# Pareja de Hecho & Income Tax



## RPW (May 20, 2011)

Hi,

As it's "that time" again, I'm facing a largish tax bill, and I'm wondering are there any fiscal benefits of being Pareja de hecho in Spain with regards to income tax? (This will obviously be for next year.)

We've tried to find out from the hacienda, but everyone we've spoken to has contradicted the person we've spoken to previously - got a lotta love from those funcionarios.

Anyway, if anyone can help I'd be more than grateful!


----------



## Pesky Wesky (May 10, 2009)

I don't know, but...
I know you can make an appointment with someone from the office and they can really assess your case, (rather than waiting in line and getting 5 mins of someone's time) so you could make an appointment and ask them which is the best way for you to do your tax declaration, and get it in writing!!


----------



## RPW (May 20, 2011)

Pesky Wesky said:


> I don't know, but...
> I know you can make an appointment with someone from the office and they can really assess your case, (rather than waiting in line and getting 5 mins of someone's time) so you could make an appointment and ask them which is the best way for you to do your tax declaration, and get it in writing!!

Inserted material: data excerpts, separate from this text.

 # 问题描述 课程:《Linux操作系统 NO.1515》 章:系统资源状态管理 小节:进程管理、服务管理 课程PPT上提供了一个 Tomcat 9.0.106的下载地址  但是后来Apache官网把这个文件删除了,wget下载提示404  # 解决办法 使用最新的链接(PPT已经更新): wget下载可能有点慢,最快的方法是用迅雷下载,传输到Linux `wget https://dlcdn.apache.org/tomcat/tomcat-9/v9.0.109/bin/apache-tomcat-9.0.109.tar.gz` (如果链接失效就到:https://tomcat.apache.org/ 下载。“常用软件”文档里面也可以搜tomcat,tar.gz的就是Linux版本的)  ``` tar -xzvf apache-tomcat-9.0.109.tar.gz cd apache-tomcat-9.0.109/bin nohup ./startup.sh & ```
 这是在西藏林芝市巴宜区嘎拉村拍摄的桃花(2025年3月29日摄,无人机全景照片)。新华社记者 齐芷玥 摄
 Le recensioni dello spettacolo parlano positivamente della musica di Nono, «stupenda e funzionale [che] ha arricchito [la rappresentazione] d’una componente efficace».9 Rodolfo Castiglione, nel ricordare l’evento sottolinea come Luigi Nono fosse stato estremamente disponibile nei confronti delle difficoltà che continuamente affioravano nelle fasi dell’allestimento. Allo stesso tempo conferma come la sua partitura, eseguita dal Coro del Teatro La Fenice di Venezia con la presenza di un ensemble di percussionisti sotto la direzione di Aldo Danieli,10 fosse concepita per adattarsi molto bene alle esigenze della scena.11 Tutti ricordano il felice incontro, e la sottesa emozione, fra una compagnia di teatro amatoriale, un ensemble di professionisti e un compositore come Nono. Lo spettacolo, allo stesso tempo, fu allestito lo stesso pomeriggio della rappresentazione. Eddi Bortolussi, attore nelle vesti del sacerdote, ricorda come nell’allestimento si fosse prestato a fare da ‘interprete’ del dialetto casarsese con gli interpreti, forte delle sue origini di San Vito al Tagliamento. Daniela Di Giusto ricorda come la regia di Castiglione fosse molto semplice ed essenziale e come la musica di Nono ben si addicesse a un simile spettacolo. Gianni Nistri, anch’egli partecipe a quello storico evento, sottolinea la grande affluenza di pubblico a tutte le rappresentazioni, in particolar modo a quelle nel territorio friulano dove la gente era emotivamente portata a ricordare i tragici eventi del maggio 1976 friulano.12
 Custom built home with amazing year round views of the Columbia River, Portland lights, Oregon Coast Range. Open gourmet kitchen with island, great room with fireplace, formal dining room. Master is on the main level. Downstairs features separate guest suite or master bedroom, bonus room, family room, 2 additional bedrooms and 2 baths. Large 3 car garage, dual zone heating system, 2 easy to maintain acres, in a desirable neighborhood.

Cheers, I've got my appointment sorted for the 2nd June with the Hacienda (I'm having huge problems changing my fiscal address), so we can discuss it with them then. 

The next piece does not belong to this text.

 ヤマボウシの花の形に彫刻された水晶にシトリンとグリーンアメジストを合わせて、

(Obviously to make sure that they listen to me, I'm going to go armed with a million photocopies of every piece of identification I own! :boxing: )


----------



## Pesky Wesky (May 10, 2009)

RPW said:


> Cheers, I've got my appointment sorted for the 2nd June with the Hacienda (I'm having huge problems changing my fiscal address), so we can discuss it with them then.
> 
> (Obviously to make sure that they listen to me, I'm going to go armed with a million photocopies of every piece of identification I own! :boxing: )


Oh, right. Hopefully you'll get everything sorted then. I know you really wanted more information than I've been able to give you, but hopefully someone else who knows will post in the next couple of days. There are 3 or 4 people who know a lot about this stuff who come on from time to time


----------